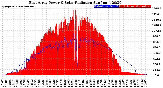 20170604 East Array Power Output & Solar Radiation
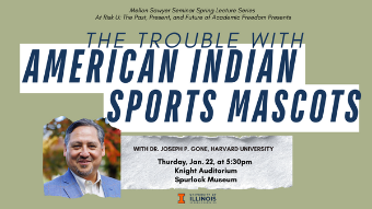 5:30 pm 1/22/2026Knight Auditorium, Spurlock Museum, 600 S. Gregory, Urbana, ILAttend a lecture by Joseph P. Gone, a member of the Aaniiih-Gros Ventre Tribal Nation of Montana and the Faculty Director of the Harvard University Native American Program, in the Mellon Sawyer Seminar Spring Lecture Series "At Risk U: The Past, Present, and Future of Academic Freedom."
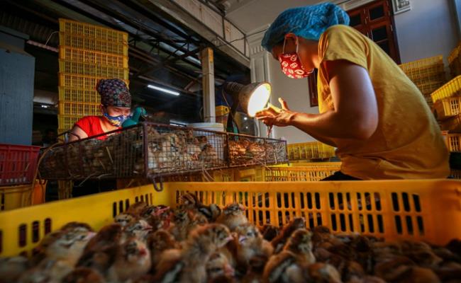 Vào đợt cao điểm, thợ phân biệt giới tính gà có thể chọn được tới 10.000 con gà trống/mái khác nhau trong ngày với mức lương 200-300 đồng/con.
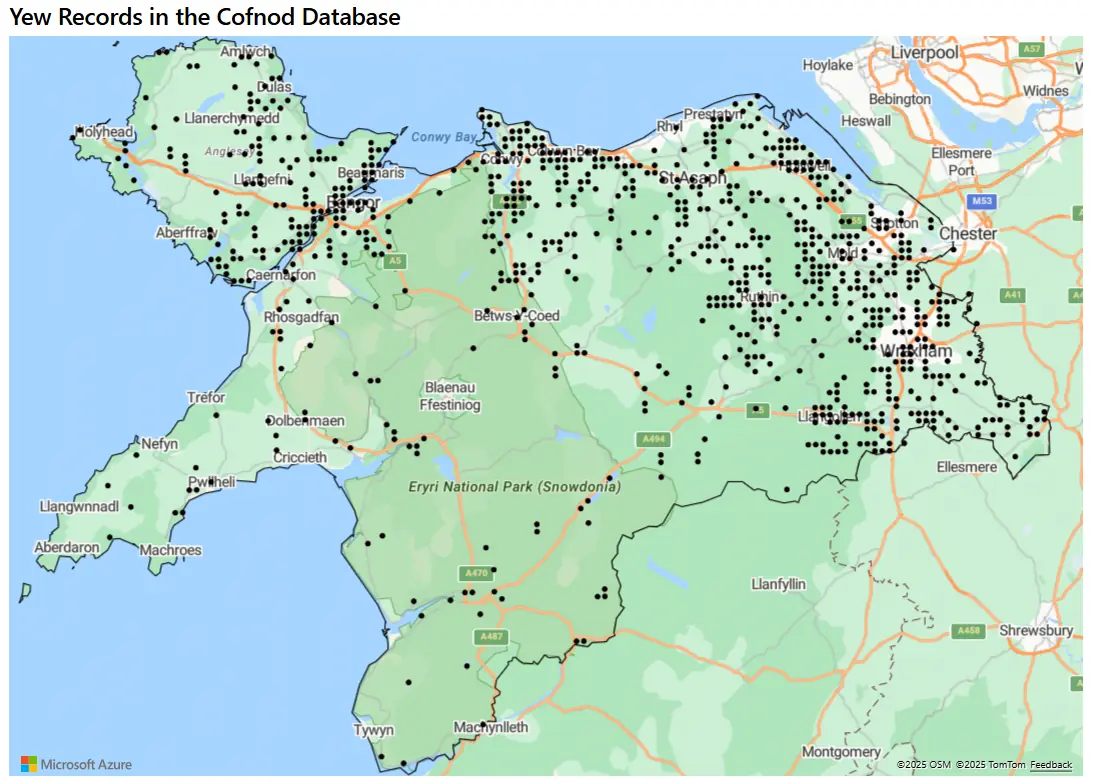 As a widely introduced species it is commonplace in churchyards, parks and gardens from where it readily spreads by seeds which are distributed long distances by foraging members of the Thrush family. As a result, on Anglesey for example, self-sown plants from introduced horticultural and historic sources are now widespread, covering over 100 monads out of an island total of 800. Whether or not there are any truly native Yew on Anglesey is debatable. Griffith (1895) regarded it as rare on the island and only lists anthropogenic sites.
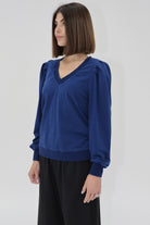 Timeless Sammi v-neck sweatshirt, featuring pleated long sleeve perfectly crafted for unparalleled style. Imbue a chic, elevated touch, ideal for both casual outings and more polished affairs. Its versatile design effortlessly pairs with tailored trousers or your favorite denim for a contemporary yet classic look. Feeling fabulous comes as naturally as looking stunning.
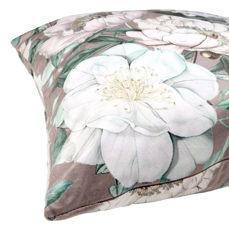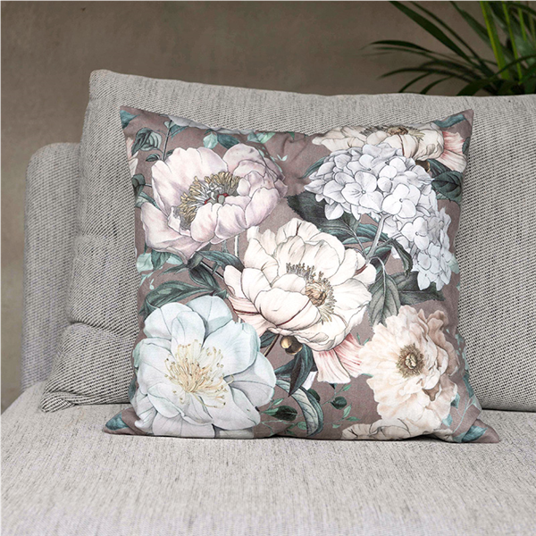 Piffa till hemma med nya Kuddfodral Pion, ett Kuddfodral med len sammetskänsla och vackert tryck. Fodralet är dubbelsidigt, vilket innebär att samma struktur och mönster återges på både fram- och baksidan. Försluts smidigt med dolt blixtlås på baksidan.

What you will do:
Begin at the first line of the entries above and return each line exactly, stopping after the line that contains "Vào đợt cao". Pictures do not belong in the copy.

Task answer:
 20170604 East Array Power Output & Solar Radiation
 5:30 pm 1/22/2026Knight Auditorium, Spurlock Museum, 600 S. Gregory, Urbana, ILAttend a lecture by Joseph P. Gone, a member of the Aaniiih-Gros Ventre Tribal Nation of Montana and the Faculty Director of the Harvard University Native American Program, in the Mellon Sawyer Seminar Spring Lecture Series "At Risk U: The Past, Present, and Future of Academic Freedom."
 Vào đợt cao điểm, thợ phân biệt giới tính gà có thể chọn được tới 10.000 con gà trống/mái khác nhau trong ngày với mức lương 200-300 đồng/con.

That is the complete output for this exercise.